A statistical significance test shares much mathematics with a confidence interval. They are mutually illuminating. A result is often significant when there is confidence in the sign of a relationship (the interval does not include 0). Whenever the sign of a relationship is important, statistical significance is a worthy goal. This also reveals weaknesses of significance testing: A result can be significant without a good estimate of the strength of a relationship; Significance can be a modest goal. A weak relationship can also achieve significance with enough data. Reporting both significance and confidence intervals is commonly recommended.

The varied uses of significance tests reduce the number of generalizations that can be made about all applications.

## Choice of the null hypothesis

The choice of the null hypothesis is associated with sparse and inconsistent advice. Fisher mentioned few constraints on the choice and stated that many null hypotheses should be considered and that many tests are possible for each. The variety of applications and the diversity of goals suggests that the choice can be complicated. In many applications the formulation of the test is traditional. A familiarity with the range of tests available may suggest a particular null hypothesis and test. Formulating the null hypothesis is not automated; The calculations of significance testing usually are.
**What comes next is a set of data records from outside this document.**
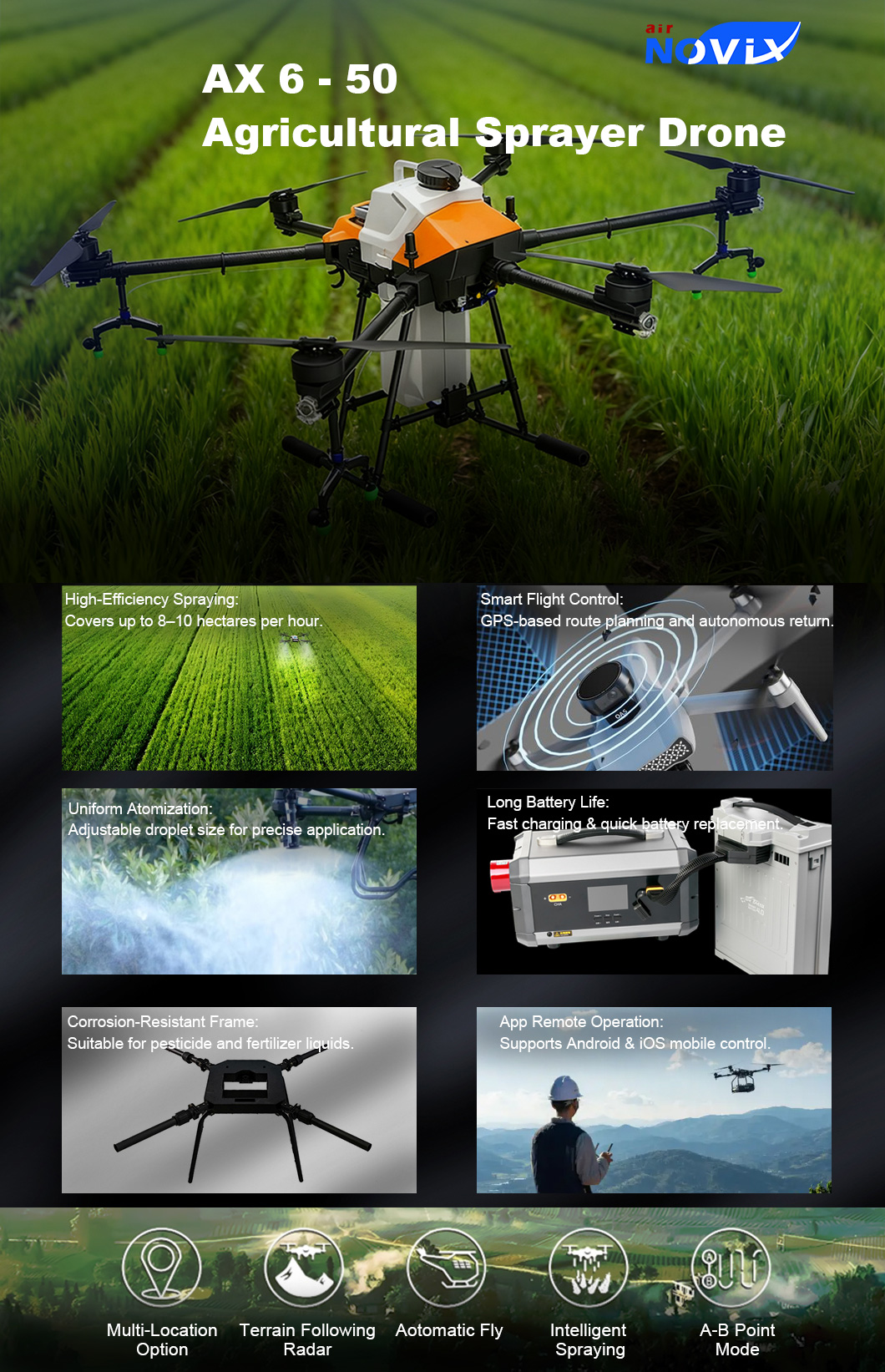 The AirNovix 50L drone is designed with a 50-liter spray tank capacity, allowing efficient spraying across large-scale farmland such as rice, corn, wheat, cotton, and orchards.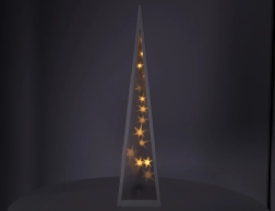 Plastpyramide mit weißem Metallrahmen, ausgefüllt mit Sternen, die sich in der Mitte der Pyramide bewegen ✨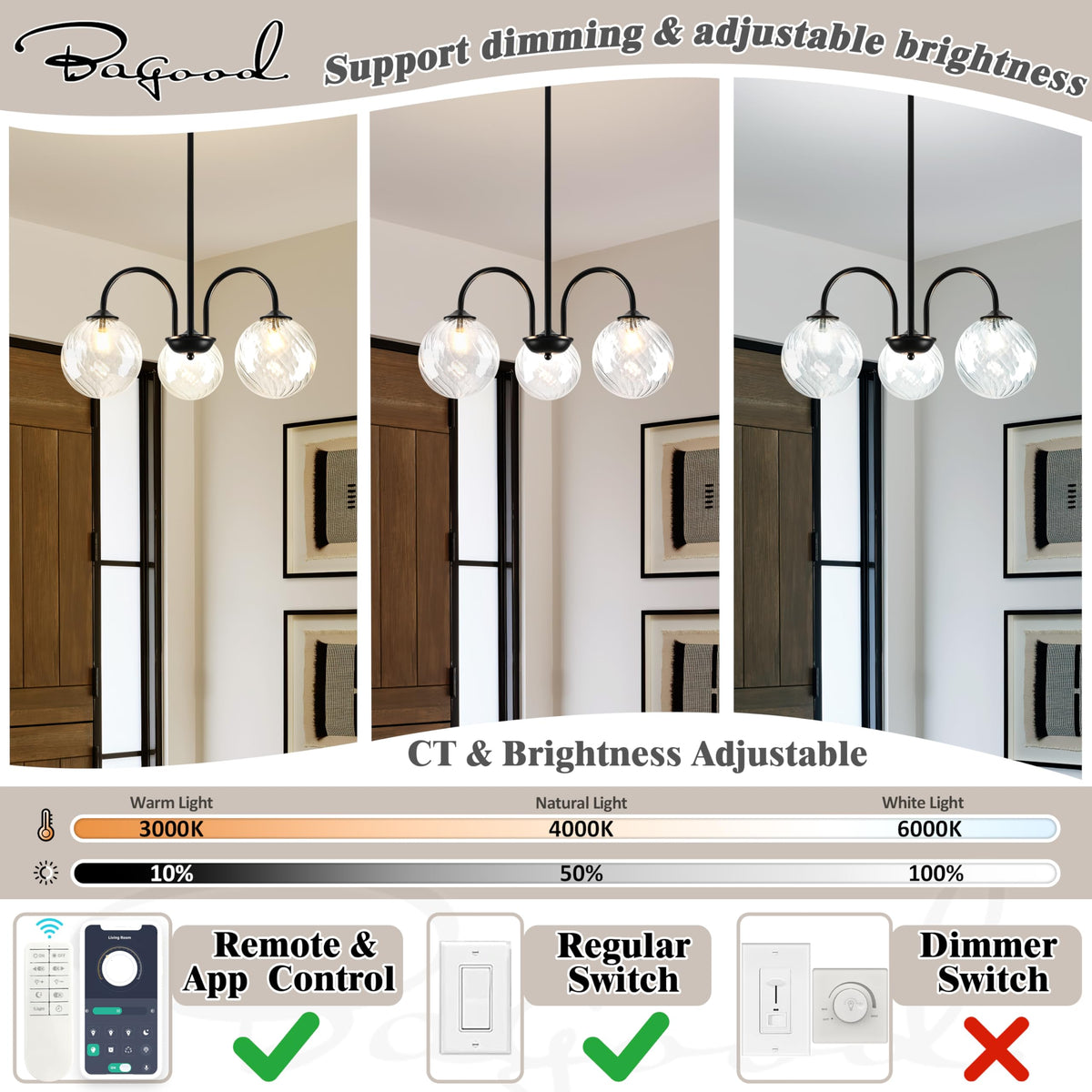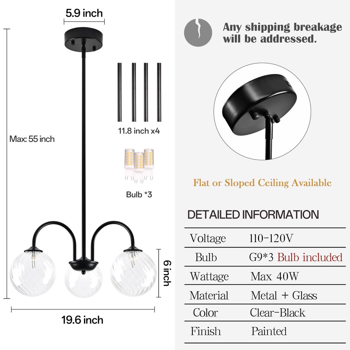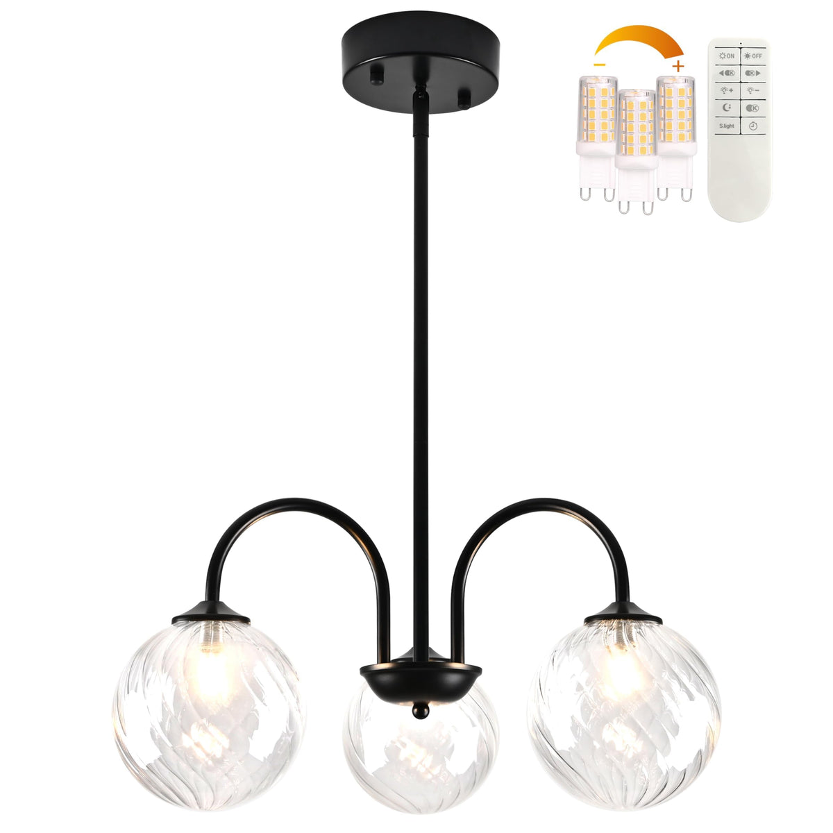 Bagood Black Sputnik Chandelier 3 Lights Globe Pendant Light Mid Century Pendant Light 19.6 Modern Sputnik Chandelier With Cl

Caution: A statistical significance test is intended to test a hypothesis. If the hypothesis summarizes a set of data, there is no value in testing the hypothesis on that set of data. Example: If a study of last year's weather reports indicates that rain in a region falls primarily on weekends, it is only valid to test that null hypothesis on weather reports from any other year. Testing hypotheses suggested by the data is circular reasoning that proves nothing; It is a special limitation on the choice of the null hypothesis.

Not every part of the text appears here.